De beheerder analyseert het rapport over de activering van regels of de inhoud van de opslagplaats Triggering of rules in Smart Training state. Daarna kan de beheerder het gedrag van Adaptieve controle op afwijkingen selecteren wanneer de regel wordt geactiveerd: blokkeren of toestaan. De beheerder kan ook verder bewaken hoe de regel werkt en de duur van de training verlengen. Als de beheerder geen actie onderneemt, blijft het programma ook werken in de trainingsmodus. De periode van de trainingsmodus wordt dan herstart.
Adaptieve controle op afwijkingen wordt in realtime geconfigureerd. Adaptieve controle op afwijkingen wordt via de volgende kanalen geconfigureerd:
- Adaptieve controle op afwijkingen begint automatisch de acties te blokkeren voor de regels die nooit zijn geactiveerd in de trainingsmodus.
- Kaspersky Endpoint Security voegt nieuwe regels toe of verwijdert oude regels.
- De beheerder configureert de werking van Adaptieve controle op afwijkingen na de controle van het rapport over de activering van regels en de inhoud van de opslagplaats Triggering of rules in Smart Training state.
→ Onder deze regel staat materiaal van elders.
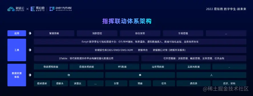 实现“虚实人联动”是从“看见”到“受益”于数字化的关键,该特点就是在虚拟世界中的操作能够在真实物理世界得到反馈,例如,在场景中有个按钮可以远程控制摄像头的方向,或是一个指挥中心的场景,业务决策人发现异常事件后拉起相关负责人发起视频会议作出决策对应的任务下派给一线业务人员,一线业务人员上报情况后,事件处理的结果能在场景中得到反馈。基于此场景需求,我们推出指挥联动体系架构,助力打造“虚实人联动”的数字孪生场景。

U wordt aanbevolen het rapport over de activering van regels en de inhoud van de opslagplaats Triggering of rules in Smart Training state te controleren.
Wanneer een schadelijk programma een actie probeert uit te voeren, blokkeert Kaspersky Endpoint Security de actie en toont het een melding (zie onderstaande afbeelding).
Melding van Adaptieve controle op afwijkingen
Algoritme voor de werking van Adaptieve controle op afwijkingen
Op basis van het volgende algoritme (zie onderstaande afbeelding) beslist Kaspersky Endpoint Security of een actie van een regel al dan niet mag worden uitgevoerd.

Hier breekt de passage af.